The entries contain pictures, which should not appear in the copy; everything else must be reproduced exactly.
*** Opening Task data ***
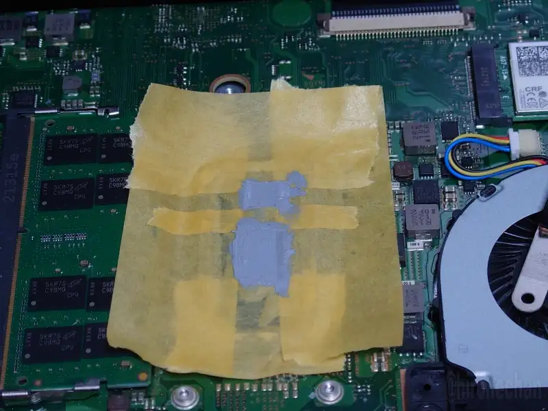 マスキングしてヘラで伸ばして、グリスが石からはみ出たのと縁の部分までグリスが塗られてないですが、どうせCPUのヒートシンク固定圧で伸びるし何度も塗り替えて面倒なのでこのままヒートシンクを取り付け。
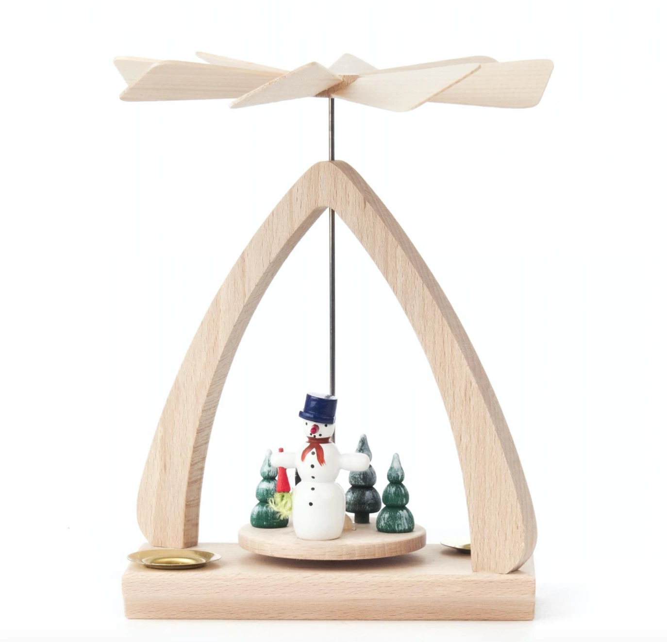 Wooden German Pyramid. When the candles are lit, the heat will rise causing the blades to spin. Uses 2 – 14mm Candles.
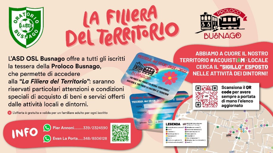 Cari Atleti, Genitori, siamo lieti di comunicarVi che l'ASD Oratorio S. Luigi Busnago ha attivato una collaborazione con la Proloco di Busnago al fine di favorire la realizzazione di percorsi sinergici sul territorio comunale/provinciale promuovendo la conoscenza e la tutela dei beni del territorio attraverso il progetto “La Filiera Del Territorio”.
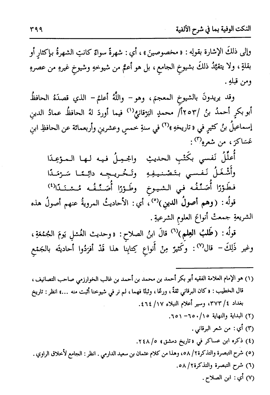 وقد يريدونَ بالشيوخِ المعجمَ، وهو - والله أعلمُ - الذي قصدَهُ الحافظُ أبو بكرٍ أحمدُ بنُ / 253 أ / محمدٍ البَرْقانيُّ (¬1) في ما أوردَ لهُ الحافظُ عمادُ الدينِ إسماعيلُ ابنُ كثيرٍ في " تاريخهِ " (¬2) في سنةِ خمسٍ وعشرينَ وأربعمئة عن الحافظِ ابنِ عَسَاكرَ، من شعرهِ (¬3):
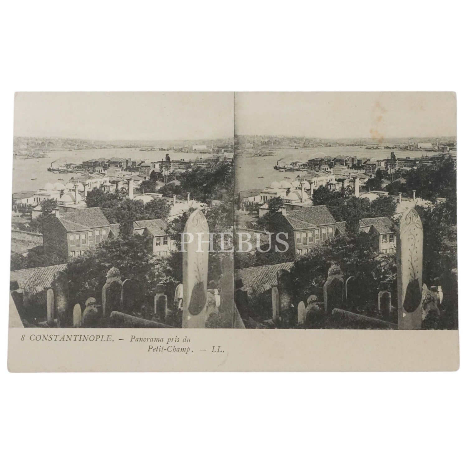 Stereoview kartpostal: İstanbul - Tepebaşı´na panoramik bakış, "Constantinople - Panorama pris du Petit-Champ", L´Imprimerie Nouvelle Photographique - Paris, 14x9 cm...
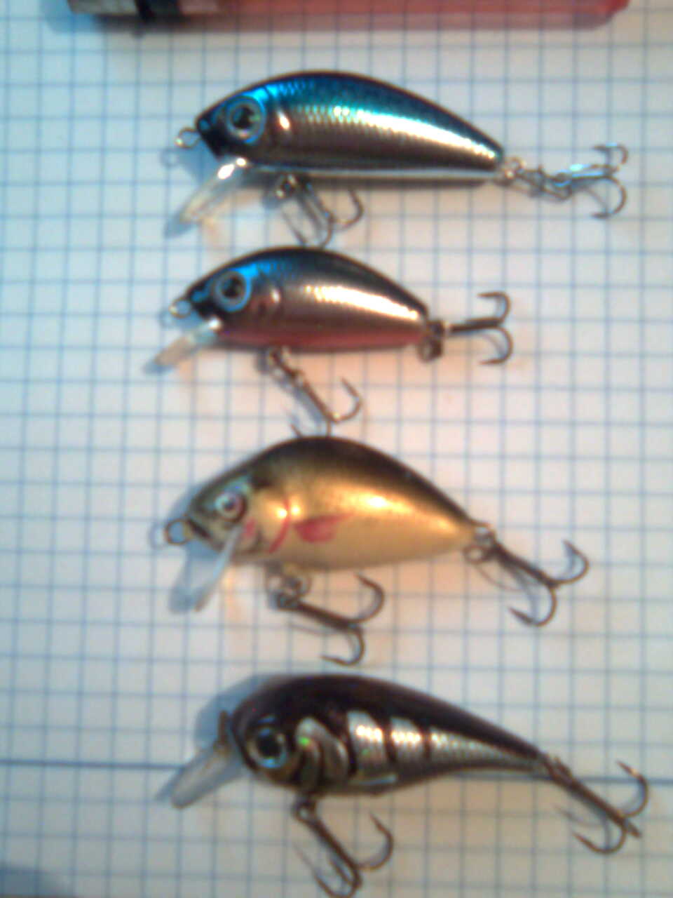 Фото 3 - "Ночные китайцы"... ))) Некрупный судак. Все плавающие, верхние два - с погремушками. Первый погружение - 2.5 метров, второй - 1.5 - 2 метра... Нижний - без всяких наворотов. Изначально ни в какую не хотел работать! Пришлось наклеить на лопасть кусочек пластика с его же коробочки, сделав её (лопасть) чуть шире... Ничё так, приповерхностный... За качество фоток - извиняюсь... Мобила... ((
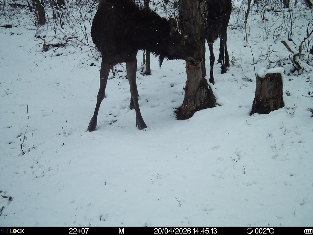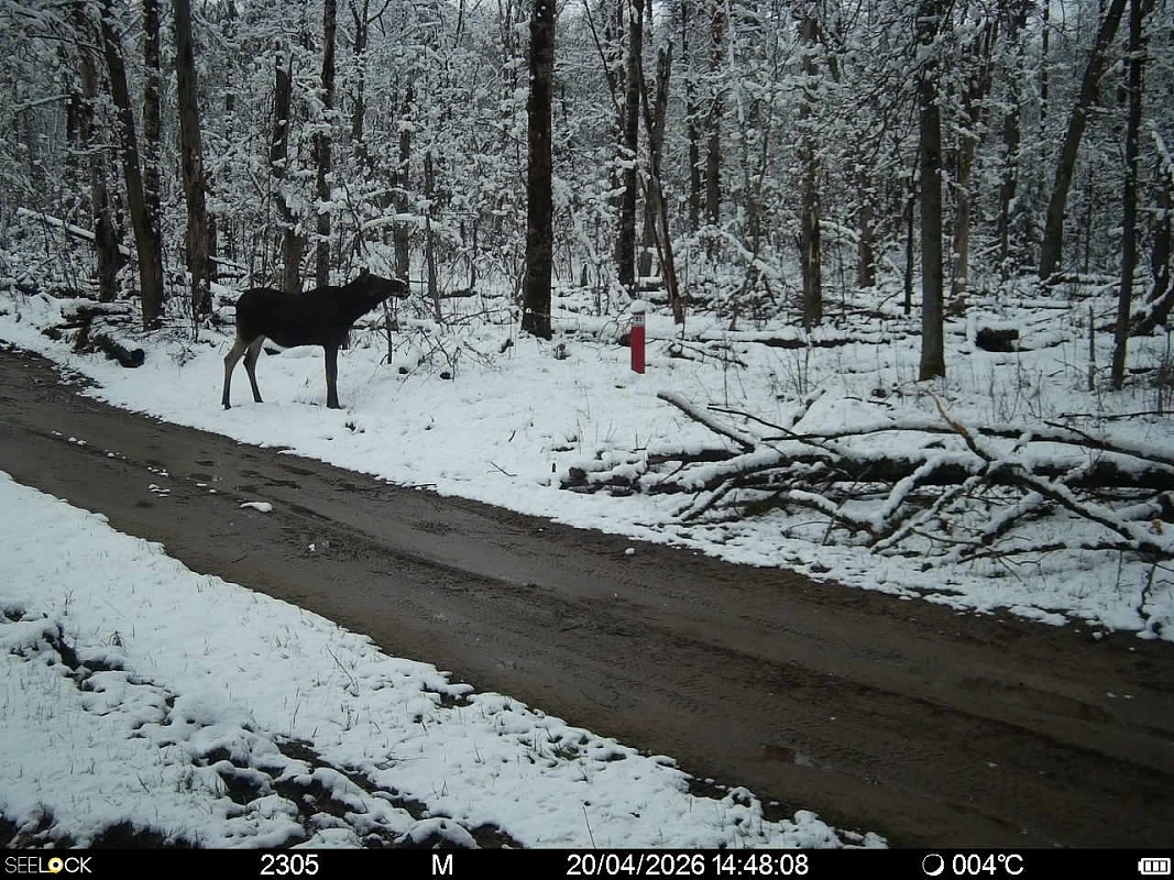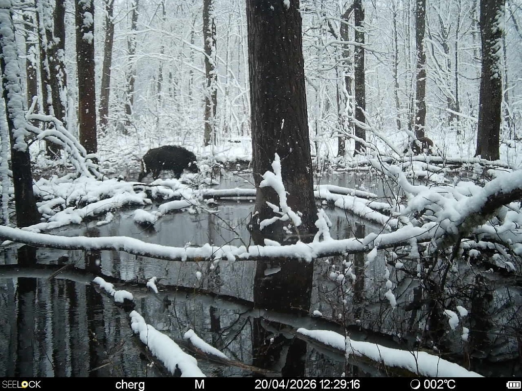 Окский заповедник опубликовал очередную подборку снимков фотоловушек. Они сделаны в последние дни – уже после начала апрельского снегопада.
*** Closing Task data ***
Written answer:
 マスキングしてヘラで伸ばして、グリスが石からはみ出たのと縁の部分までグリスが塗られてないですが、どうせCPUのヒートシンク固定圧で伸びるし何度も塗り替えて面倒なのでこのままヒートシンクを取り付け。
 Wooden German Pyramid. When the candles are lit, the heat will rise causing the blades to spin. Uses 2 – 14mm Candles.
 Cari Atleti, Genitori, siamo lieti di comunicarVi che l'ASD Oratorio S. Luigi Busnago ha attivato una collaborazione con la Proloco di Busnago al fine di favorire la realizzazione di percorsi sinergici sul territorio comunale/provinciale promuovendo la conoscenza e la tutela dei beni del territorio attraverso il progetto “La Filiera Del Territorio”.
 وقد يريدونَ بالشيوخِ المعجمَ، وهو - والله أعلمُ - الذي قصدَهُ الحافظُ أبو بكرٍ أحمدُ بنُ / 253 أ / محمدٍ البَرْقانيُّ (¬1) في ما أوردَ لهُ الحافظُ عمادُ الدينِ إسماعيلُ ابنُ كثيرٍ في " تاريخهِ " (¬2) في سنةِ خمسٍ وعشرينَ وأربعمئة عن الحافظِ ابنِ عَسَاكرَ، من شعرهِ (¬3):
 Stereoview kartpostal: İstanbul - Tepebaşı´na panoramik bakış, "Constantinople - Panorama pris du Petit-Champ", L´Imprimerie Nouvelle Photographique - Paris, 14x9 cm...
 Фото 3 - "Ночные китайцы"... ))) Некрупный судак. Все плавающие, верхние два - с погремушками. Первый погружение - 2.5 метров, второй - 1.5 - 2 метра... Нижний - без всяких наворотов. Изначально ни в какую не хотел работать! Пришлось наклеить на лопасть кусочек пластика с его же коробочки, сделав её (лопасть) чуть шире... Ничё так, приповерхностный... За качество фоток - извиняюсь... Мобила... ((
 Окский заповедник опубликовал очередную подборку снимков фотоловушек. Они сделаны в последние дни – уже после начала апрельского снегопада.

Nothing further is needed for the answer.